The funnel model of AD. It shows the interrelated destructive processes acting in vicious circles, leading to widespread cell death. In familial AD cases (left side), mutations in APP, presenilin 1 and 2 (PS1 PS2) genes induce Aβ overproduction and formation of toxic aggregates. In the sporadic form (LOAD), aging, unfavorable gene combinations, epigenetic changes, and various environmental factors induce slow changes in the brain. Vascular and autophagy dysfunctions, BBB injury, proteostasis, and clearance disturbances lead to Aβ accumulation and subsequent formation of toxic Aβ and tau assemblies in vicious circles. Microtubular collapse results in synaptic failure, dysfunction, and death of neurons. Aβ and tau act in synergy in the pathological cascades.

2.5. Early Diagnosis of AD, Molecular Biomarkers

Early diagnosis at the preclinical stages of AD is an important issue since amyloid accumulation in the brain begins more than two decades before cognitive decline. AD continuum means that the progress of cognitive decline has several steps [99]:

  • chronic stress subjective cognitive decline (SCD) mild cognitive impairment (MCI) AD dementia.

Reversal of AD dementia is not possible yet. Contrary, MCI can be reverted to the normal condition [99]. A very early diagnosis may facilitate preventive pharmacological and nonpharmacological treatments before dementia manifests.

Finding and validating standard clinical diagnostic biomarkers is not an easy task, partly owing to the complexity of AD. The diagnostic process has several subsequent steps from detection of cognitive impairment until treatment (laboratory tests, genotyping, neurological examination, cognitive and functional tests, then brain structural imaging, CSF and blood biomarker analysis, and finally diagnosis) [100]. Prediction of AD progression would be essential for planning treatment and medication.
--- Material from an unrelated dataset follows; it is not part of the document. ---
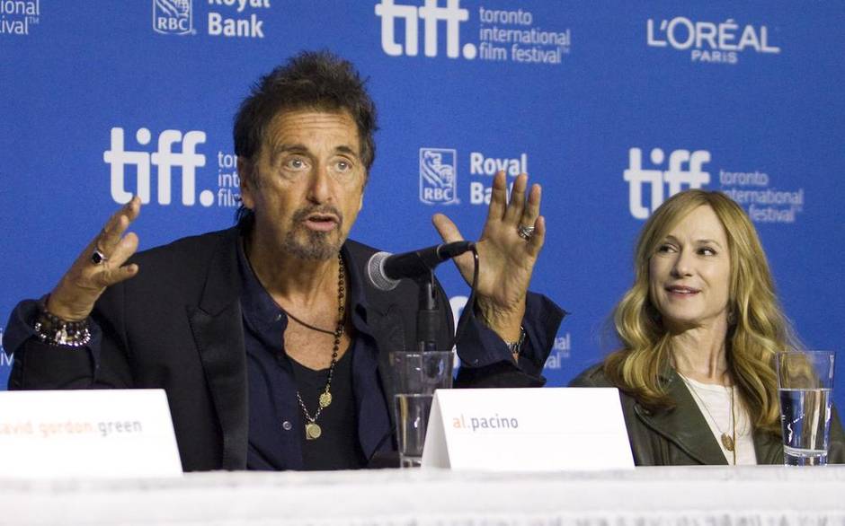 Al Pacino and Holly Hunter attend a press conference for Manglehorn.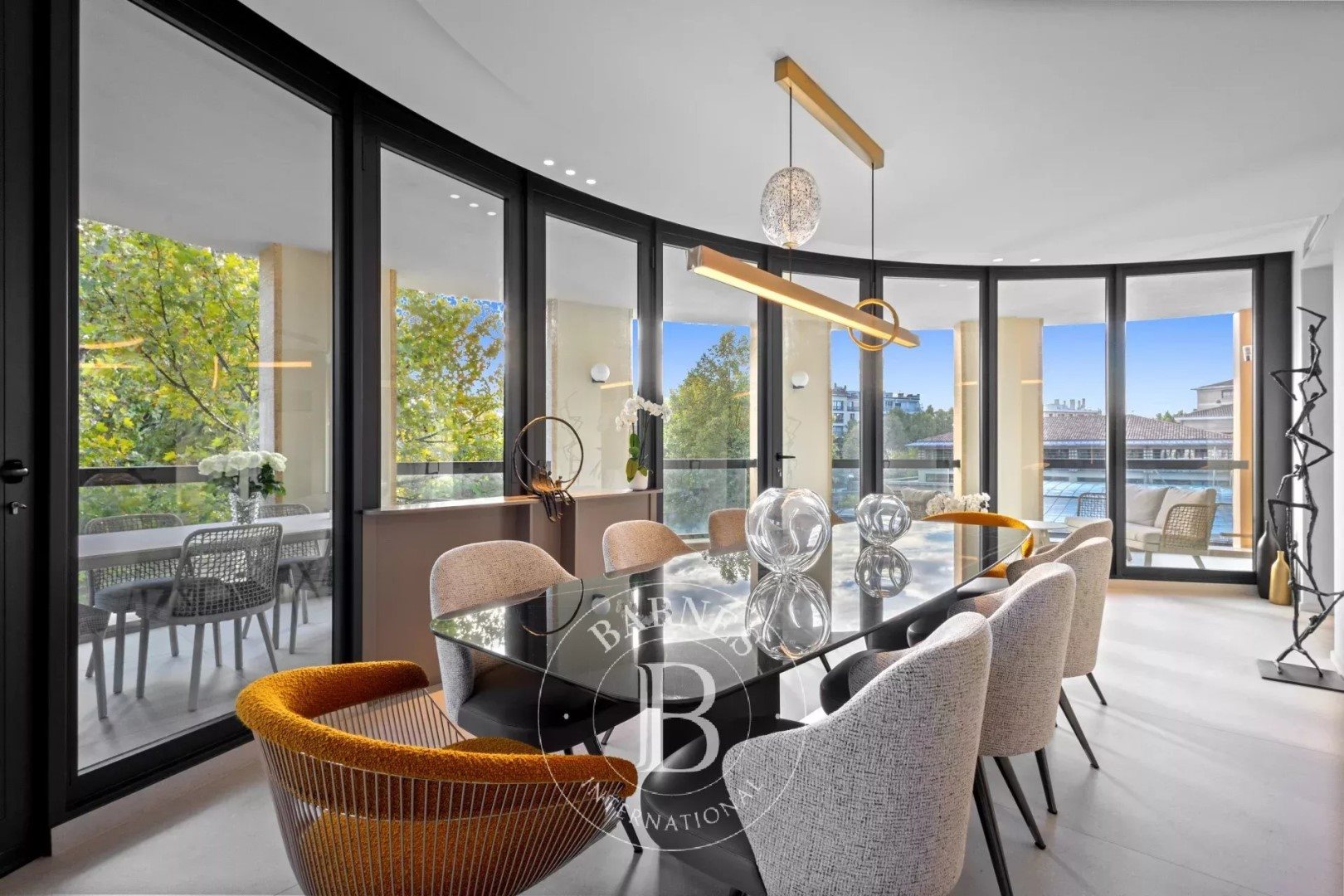 Situé au cœur d'Aix-en-Provence, face à l'iconique fontaine de la Rotonde, ce somptueux appartement d'environ 237 m², au 2 € étage avec ascenseur, a fait l'objet d'une rénovation intégrale menée avec une exigence absolue du détail. L'esthétique contemporaine, à la fois précise et raffinée, met en valeur des volumes généreux sublimés par des matériaux haut de gamme et des finitions d'exception. L'appartement se compose de trois chambres en suite, dont une suite parentale de 53 m², véritable havre de confort et d'élégance. Deux des chambres se partagent un petit balcon et elles bénéficient toutes les trois de nombreux rangements. La pièce de vie d'environ 116 m², baignée de lumière naturelle, s'ouvre par de larges baies vitrées sur une terrasse d'environ 40 m², offrant une vue imprenable sur la ville et la Rotonde. Pour un confort optimal, le bien dispose d'une climatisation gainée réversible ainsi que de deux garages dont un fermé, situés côte à côte en sous-sol et accessible par ascenseur. Charges de copropriété : 6000 € / an Lots n° : 311 et 312 Nombre total de lots : 435 Aucune procédure en cours

However, it has remained a challenging task so far. It is supposed that AD can be diagnosed based only on biomarker abnormalities [101]. In other words, AD diagnosis can be based purely on biology, without cognitive tests.

Diagnostic tools [102]. Brain imaging and fluid biomarker analysis are the most frequently used assays for the detection and staging of the disease. During the last decade, there was a great development in the field of neuroimaging [103]. Precise detection of both Aβ and tau in the blood and brain are essential tools for AD diagnosis. The leading neuroimaging methods have been PET and MRI; less frequently used are CT and SPECT, the latter being a nuclear imaging technique [104]. Functional MRI (fMRI) indirectly measures brain activity and the integrity of brain networks in the MCI stage. Multimodal MRI can be effectively used for the prediction of AD progress [103]. The application and evaluation of different tau biomarkers (tau-PET, CSF- and blood-based markers) have been recently reviewed [105]. The use of second-generation tau-PET tracers improved our understanding of the heterogeneity of AD and helped for staging the disease. The application of brain imaging techniques is reviewed in the World Alzheimer Report 2021 [106].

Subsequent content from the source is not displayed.